Monday, August 09, 2010

Britain Begins to Feel Austerity Cuts

LONDON — Last month, the British government abolished the U.K. Film Council, the Health Protection Agency and dozens of other groups that regulate, advise and distribute money in the arts, health care, industry and other areas.

It seemed shockingly abrupt, a mass execution without appeal. But it was just a tiny taste of what was to come.

Like a shipwrecked sailor on a starvation diet, the new British coalition government is preparing to shrink down to its bare bones as it cuts expenditures by $130 billion over the next five years and drastically scales back its responsibilities. The result, said the Institute for Fiscal Studies, a research group, will be “the longest, deepest sustained period of cuts to public services spending” since World War II.

Until recently, the cuts were just election talking points, early warnings of a new age of austerity. But now the pain has begun. And as the government begins its abrupt retrenchment, the implications, complications and confusions in the process are beginning to emerge.

“It feels like they’re just sticking a finger in the air and guessing,” John Mutton, leader of the City Council in Coventry, said of the government’s methods for deciding which programs to cancel and which to cut.

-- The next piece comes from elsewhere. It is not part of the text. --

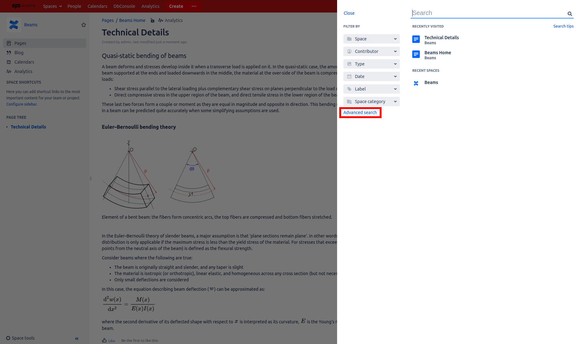 Navigate to the Confluence Advanced Search page. The basic URL looks like the following:

In June, the government announced its first round of cuts, removing about $10 billion from the current year’s budget.

While that is a drop in the bucket compared to the final goal, the reduction measures have already had severe consequences. Public sector workers across the country, except for the lowest paid, will have their salaries frozen for the next two years. Oxfordshire, facing a nearly $1 million trim in its road safety budget, has been forced to shut down all its 161 traffic speed cameras.

The cuts mean that Nottinghamshire plans to close three recycling facilities and some of its day care centers. And that the city of Coventry, which already cut spending in January, is trying to find $5.6 million more to cut from its current child services budget.

But none of this is much compared to what the country will face when the government issues its long-term budget plans in October. Mr. Mutton, the Coventry official, predicted that the next round of cuts would cost the city at least 10,000 jobs in the public and private sectors. Analysts have estimated that some 600,000 public-sector jobs could be lost nationwide.
Read the rest here.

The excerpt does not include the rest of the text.